United Summit Center accused of improperly restraining mentally challenged woman

By John O'Brien | Oct 24, 2013

CLARKSBURG – An assisted living facility is being accused of improperly restraining a mentally impaired woman and breaking a bone in her hand.

On Feb. 13, Brendan Donnellan, as legal guardian for Andria Donnellan, filed a lawsuit against United Summit Center in Harrison County Circuit Court. The lawsuit, which was recently removed to federal court, alleges USC did not implement a behavioral plan that prohibited the use of such a restraining maneuver.

The complaint says Andria is an incompetent adult and was receiving services in Brendan’s residence in Lewis County and on the USC premises in Clarksburg.

“On (Jan. 24, 2011), USC employees improperly restrained Andria using a physical maneuver that was prohibited by the behavioral plan which was supposed to be implemented in order to deal with such issues as aggression and restraint,” the complaint says.

“The behavioral plan had been approved by Andria’s Multidisciplinary Team, but had not been properly implemented by USC.

“In improperly restraining Andria, USC employees broke the metacarpal bone on Andria’s left hand.

“Had USC implemented and followed Andria’s behavioral plan, the maneuver used by USC personnel to control and subdue Andria – resulting in the broken hand – would not have been used and Andria would not have been injured.”

The original complaint makes a claim of negligence. It was filed by Morgantown attorney David Grunau.

On Oct. 1, the plaintiff filed an amended complaint to include charges of battery and civil rights violations.

On Oct. 11, the suit was removed to U.S. District Court for the Northern District of West Virginia at Clarksburg because the civil rights claim is one of federal law.

On Oct. 15, USC filed a motion to dismiss the lawsuit. It says the plaintiff’s attorney did not comply with pre-suit notice requirements of the Medical Professional Liability Act.

The memorandum in support of the motion says USC is a health care facility as defined by the state’s MPLA, which includes any “behavioral health care facility or comprehensive community mental health/mental retardation center.”

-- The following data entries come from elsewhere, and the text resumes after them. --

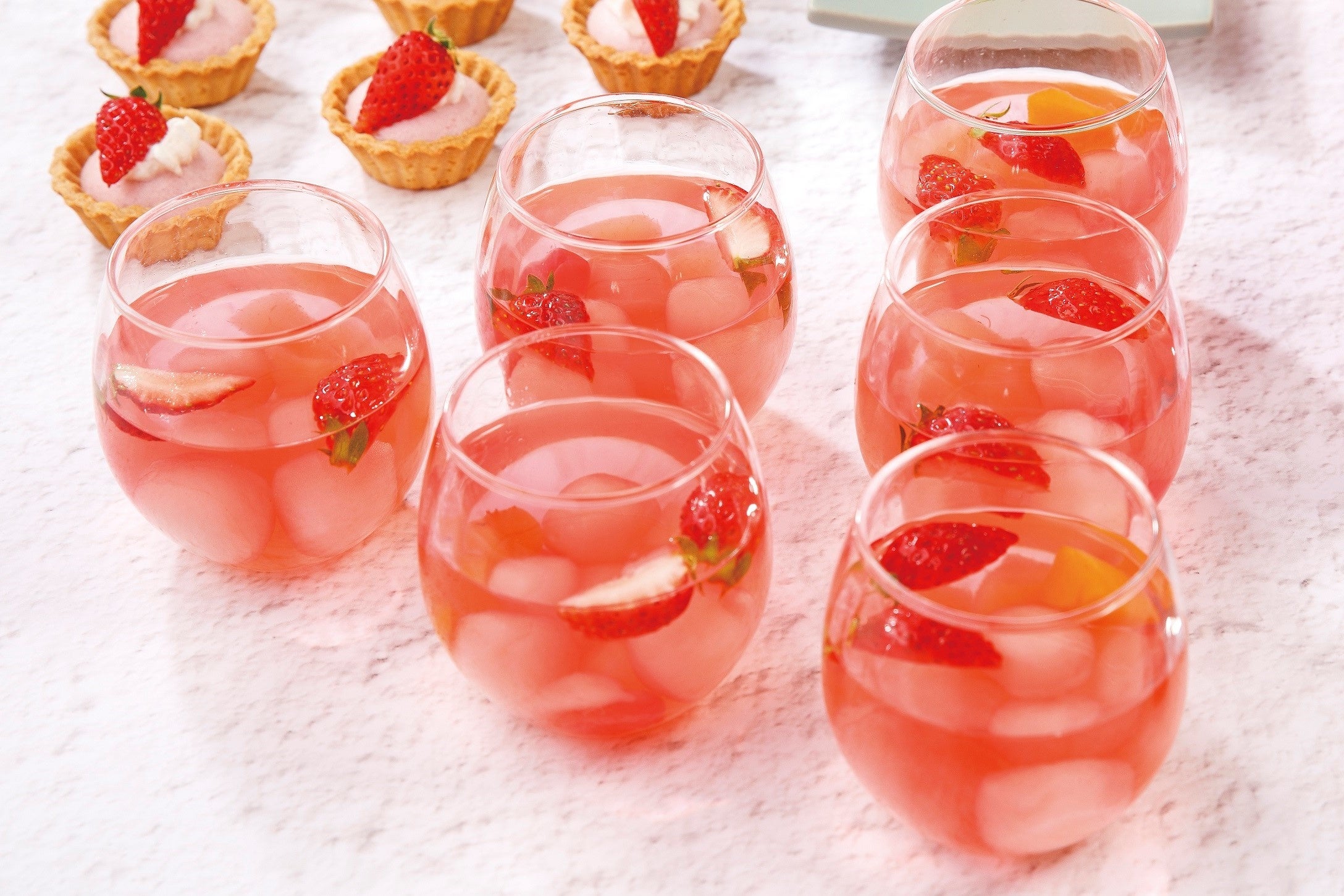 いちごのシロップに白玉といちごやフルーツを入れたフルーツポンチ
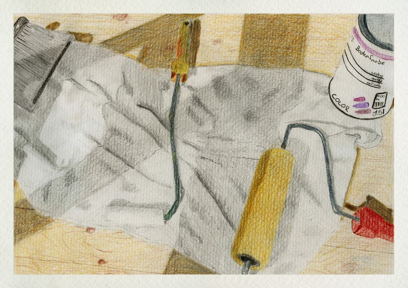 Viele Schichten sind auf diesem Bild zu bewältigen. Zuerst einmal gibt es einen Untergrund, auf welchem ein Tuch liegen soll. Dazwischen soll sich aber noch ein verdecktes Objekt verbergen. Eine Schicht also, die man unter Umständen gar nicht sieht, sondern die sich nur erahnen lässt. Dazu kommt ein Objekt, welches auf dem Tuch liegen soll, und ein Schatten soll auch noch über dem Tuch liegen. Schicht um Schicht wird das Bild aufgebaut. Schichtend soll auch mit Farbstift gemalt werden. Das heisst: vom Grünlichen ins Bläuliche an einem Ort, an der nächsten Stelle dafür eher ins Gelbliche. Zuletzt kommt natürlich noch der Faltenwurf. Damit das Tuch als solches zu erkennen ist, müssen Falten, also Faltenberge und -täler eingezeichnet werden.
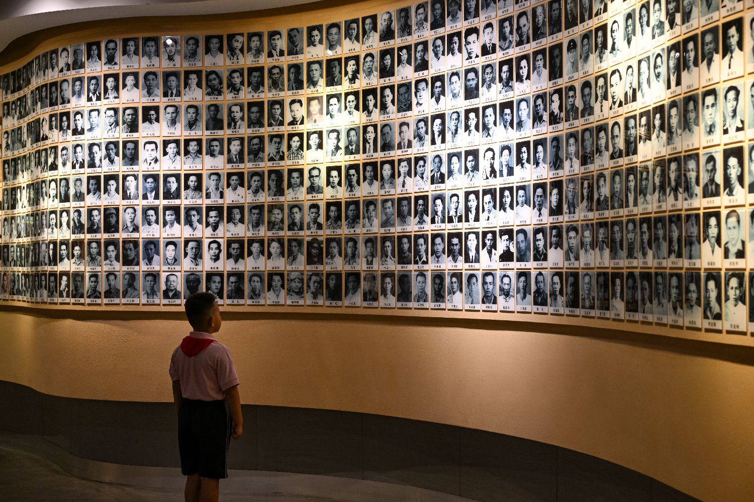 7月27日,一名小朋友站在南洋华侨机工英雄墙前。中新社

Thus, the negligence and battery claims should be dismissed because the plaintiff did not filed a notice of claim or certificate of merit at least 30 days before filing the complaint, as is required by the MPLA.

“Even if the allegations in the Complaint and Amended Complaint have been crafted in an attempt to avoid the application of the MPLA, the allegations, in effect, amount to torts committed by a health care provider within the context of rendering health care and, therefore, fall within the provisions of the MPLA,” the memorandum says.

The civil rights claim should be dismissed as it has not been alleged with sufficient specificity, the memorandum argues.

“Although the allegations state Andria’s ‘civil rights’ were violated, there is no indication as to what part of the statute provides those rights, what those rights were, what obligation the statute imposes on the States, and how that obligation related to USC,” the memorandum says.

USC is represented by Dana M. Bowers and Christine S. Vaglienti of West Virginia United Health System.